BEGIN Material provided

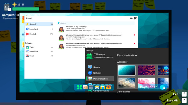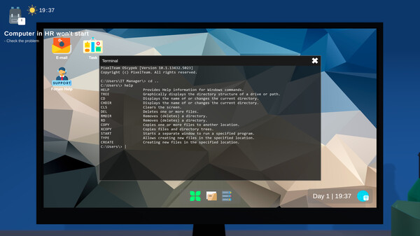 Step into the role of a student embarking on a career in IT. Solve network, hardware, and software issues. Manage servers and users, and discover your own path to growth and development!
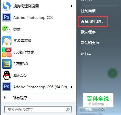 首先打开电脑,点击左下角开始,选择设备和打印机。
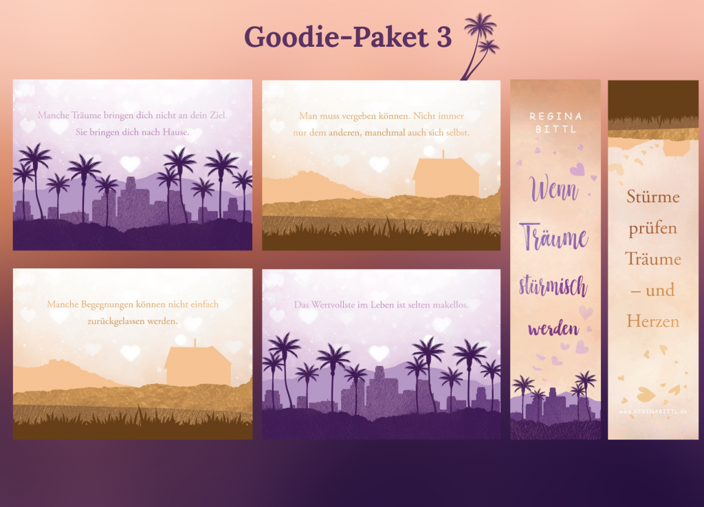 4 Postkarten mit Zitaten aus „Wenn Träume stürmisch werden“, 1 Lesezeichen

END Material provided
BEGIN Material provided

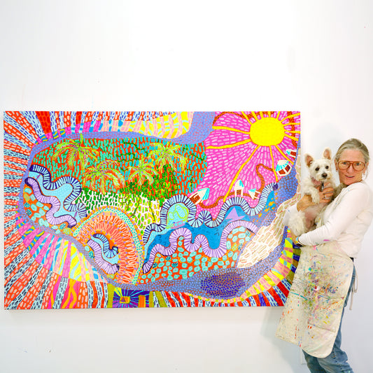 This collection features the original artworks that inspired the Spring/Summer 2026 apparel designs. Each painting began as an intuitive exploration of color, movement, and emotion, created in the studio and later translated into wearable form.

END Material provided

_Your assignment_: Within the material above, find the part that opens with the line containing "Step into the" and closes with the line containing "4 Postkarten mit", and reproduce it exactly without the pictures.

_Problem solution_:
 Step into the role of a student embarking on a career in IT. Solve network, hardware, and software issues. Manage servers and users, and discover your own path to growth and development!
 首先打开电脑,点击左下角开始,选择设备和打印机。
 4 Postkarten mit Zitaten aus „Wenn Träume stürmisch werden“, 1 Lesezeichen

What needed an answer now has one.